Survey Benchmarks Four Approaches to Synthetic Brain Signal Generation for BCI Data Scarcity
A new survey paper, "Synthetic Data Generation for Brain-Computer Interfaces: Overview, Benchmarking, and Future Directions," provides a systematic review and performance comparison of methods for generating synthetic neural data. The work addresses a fundamental bottleneck in brain-computer interface (BCI) development: the scarcity of large-scale, high-quality training data due to the limited, heterogeneous, and privacy-sensitive nature of neural recordings.
The Four Methodological Categories
The authors categorize existing generative algorithms into four distinct types:
Knowledge-Based Approaches: These methods rely on established neurophysiological models to generate signals. They incorporate domain knowledge about brain dynamics, such as neural mass models or biophysical constraints, to produce synthetic data that adheres to known physiological principles.
Feature-Based Approaches: These techniques generate synthetic data in a transformed feature space rather than raw signal space. They typically use statistical models or generative adversarial networks (GANs) to produce feature distributions that match real neural data characteristics.
Model-Based Approaches: These methods employ deep generative models trained directly on neural recordings. This category includes variational autoencoders (VAEs), GANs, and diffusion models that learn to generate realistic brain signals from the data distribution itself.
Translation-Based Approaches: These approaches frame the problem as a domain translation task, converting signals from one modality or condition to another. For example, translating EEG signals to simulate different cognitive states or translating between subjects to address inter-subject variability.
Benchmarking Across BCI Paradigms
The survey includes benchmark experiments across four representative BCI paradigms, though specific datasets and metrics are not detailed in the abstract. The benchmarking provides objective performance comparisons between different generation approaches, evaluating their effectiveness in augmenting training data for downstream BCI tasks.

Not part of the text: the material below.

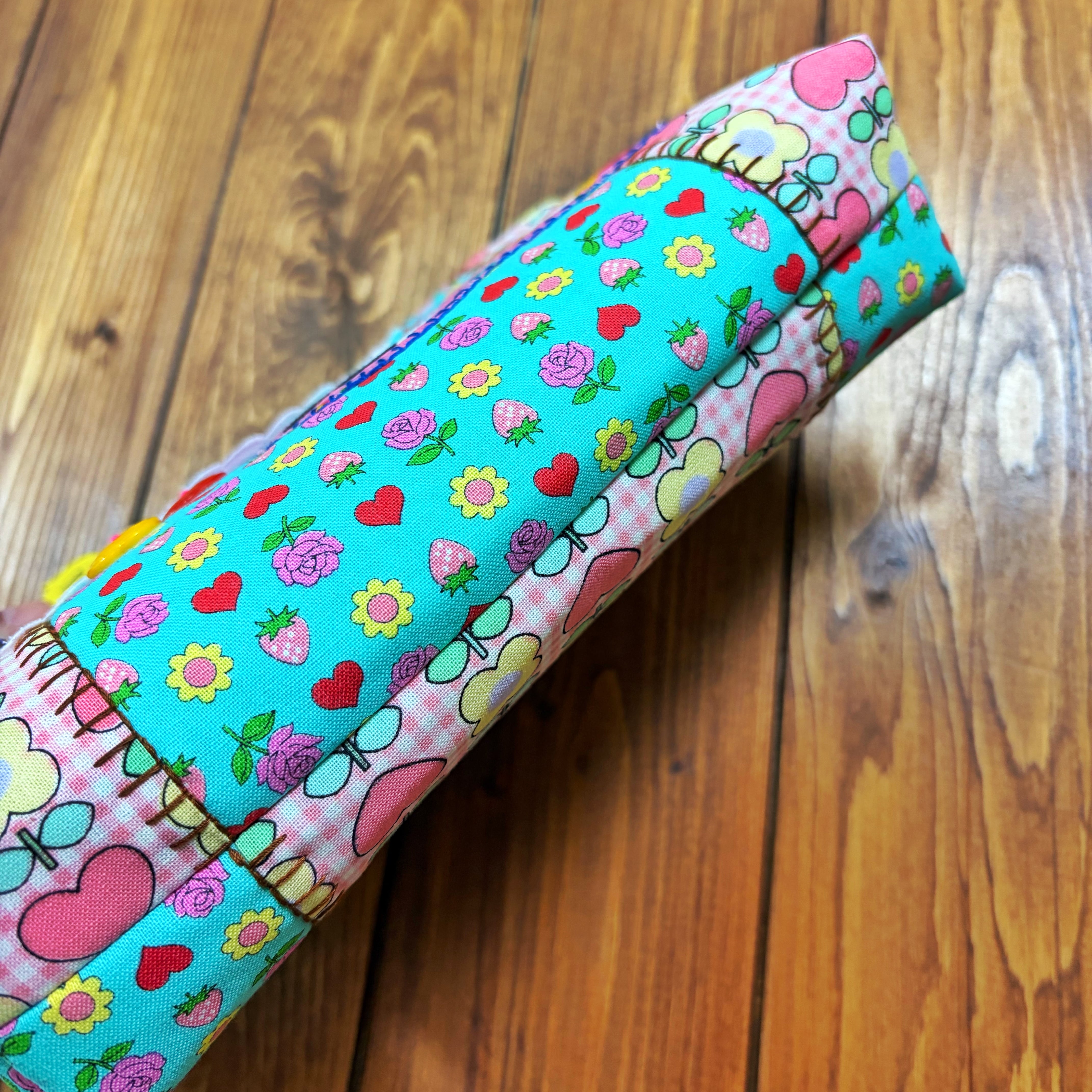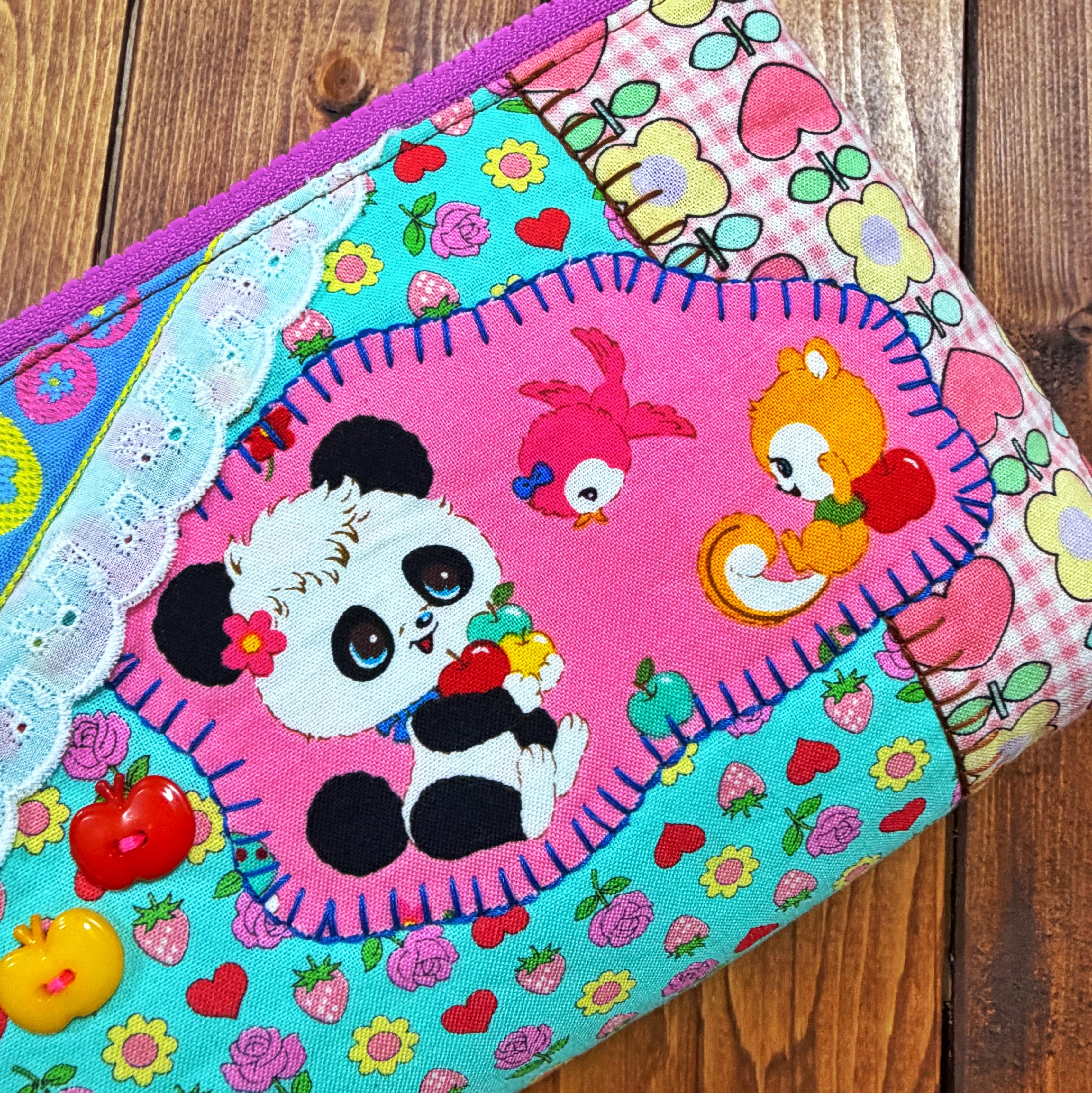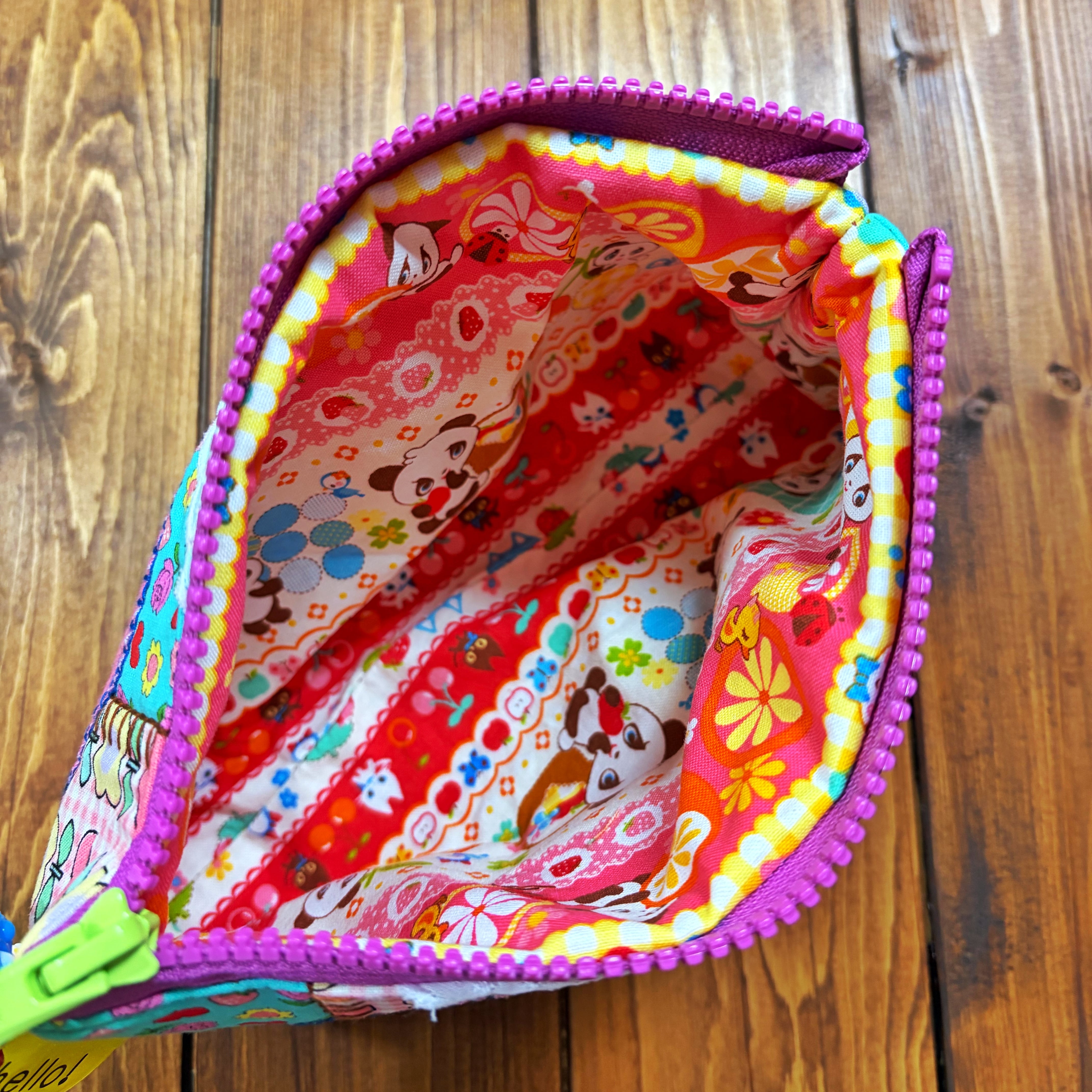 個性的な生地で作られたこのポーチは、一目見ただけで心を掴まれます。

The authors have publicized their benchmark codebase at https://github.com/wzwvv/DG4BCI, enabling researchers to reproduce comparisons and test new methods against established baselines.
Applications and Future Directions
Synthetic brain signal generation enables several key applications in BCI development:
- Data Augmentation: Expanding limited datasets to improve model generalization and robustness
- Privacy Preservation: Generating synthetic data that maintains utility while protecting sensitive neural information
- Scenario Simulation: Creating data for rare events or specific conditions that are difficult to capture experimentally
- Model Testing: Providing standardized datasets for algorithm development and comparison

The paper concludes by discussing challenges in current generation approaches and prospects for future research toward accurate, data-efficient, and privacy-aware BCI systems. Key challenges include ensuring physiological plausibility, handling the high dimensionality and non-stationarity of neural signals, and validating that synthetic data improves real-world BCI performance rather than just matching statistical properties.